The key element to this process is planning on the part of the EMT. To leave either role without clarity is likely to result in overlaps and gaps in practice. Therefore, building training around these roles into usual EMT practice will develop familiarity with common pitfalls and lessons learned from past disaster response efforts. This will allow for learning and improvement in practice. Coordination in disaster is essential and relies on information reported by individual teams. Similarly, post-deployment analysis and future improvements hinge on accurate and adequate data.
Conclusion
This report provides a description of the tasks and responsibilities of the DM and the epidemiologist in an EMT in case of disaster. Just as clinical staff are expected to undergo training specific to field hospital work, DMs and epidemiologists ought to receive specific training for their own roles. It is this groundwork which will pay dividends in the future of disaster response co-ordination, as it integrates focused data training in the EMT pre-deployment plan. In time, this will change the narrative on disaster documentation and data and will allow the international community to confidently understand how best to move forward in medical disaster response.

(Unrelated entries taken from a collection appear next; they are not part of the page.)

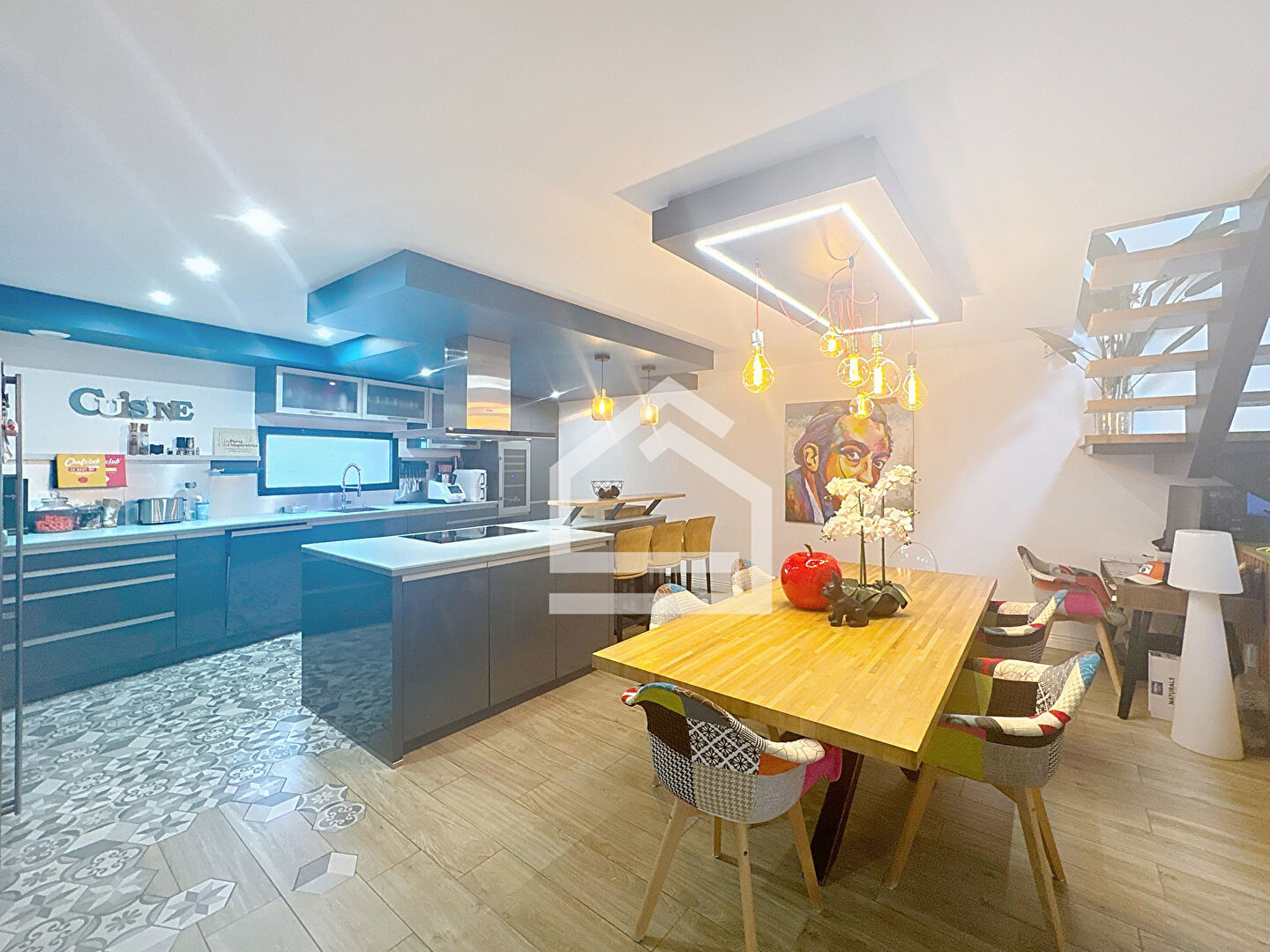 Le salon, la salle à manger et la cuisine ouverte profitent d'une hauteur cathédrale sublimée par une charpente traditionnelle apparente. Vous traversez un patio aménagé, véritable havre de paix avec sa terrasse en bois exotique et sa piscine au sel chauffée : un espace intime, rare et parfaitement intégré à la maison.
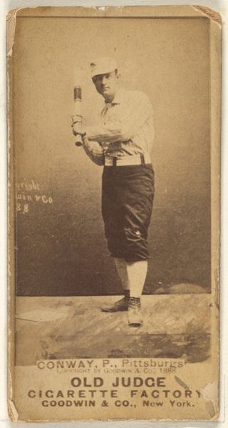 This photographic print of Charles Columbus "Count" Campau was made circa 1888 by Goodwin & Company of New York as part of the "Old Judge" series of baseball cards. The image was made to be included in packages of Old Judge Cigarettes. The late 19th century was a period of rapid industrial expansion, rising consumerism, and new advertising strategies. Tobacco companies like Goodwin & Co. were at the forefront, using images of celebrities, athletes, and other public figures to market their products. These cards reflect the growing popularity of baseball and the emergence of celebrity culture. The Metropolitan Museum of Art as an institution was founded in 1870, and in the 20th century it began to amass collections of popular ephemera such as baseball cards and other forms of industrial art. To understand this image fully, we need to investigate the history of baseball, advertising, and the tobacco industry in the late 19th century. Such research will help us to understand how these small cards reflect broader social and economic changes.
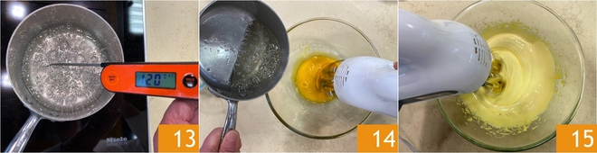 Erhitzen Sie die Mischung auf 121°C und messen Sie die Temperatur mit einem Küchenthermometer 13; wenn Sie kein Thermometer haben, ist der Sirup bereit, wenn sich kleine weiße Bläschen auf der Oberfläche bilden. Kurz bevor die 121°C erreicht sind (also bei etwa 115°C), beginnen Sie, die Eigelbe mit einem elektrischen Mixer zu schlagen. Sobald die 121°C erreicht sind, gießen Sie den Sirup in einem dünnen Strahl auf die Eigelbe, während der Mixer auf niedriger Geschwindigkeit läuft 14. Schlagen Sie weiter, bis die Masse vollständig abgekühlt ist 15.

Conflicts of interest/funding
This study was funded by the Hong Kong Jockey Club Charity Trust within the collaborative project “Training and Research Development for Emergency Medical Teams with reference to the WHO Global EMTs initiative, classification, and standards” between the Humanitarian and Conflict Response Institute (HCRI; Manchester, United Kingdom) and the Hong Kong Jockey Club Disaster Preparedness and Response Institute (HKJCDPRI; Aberdeen, Hong Kong). The authors have no conflicts of interest to declare.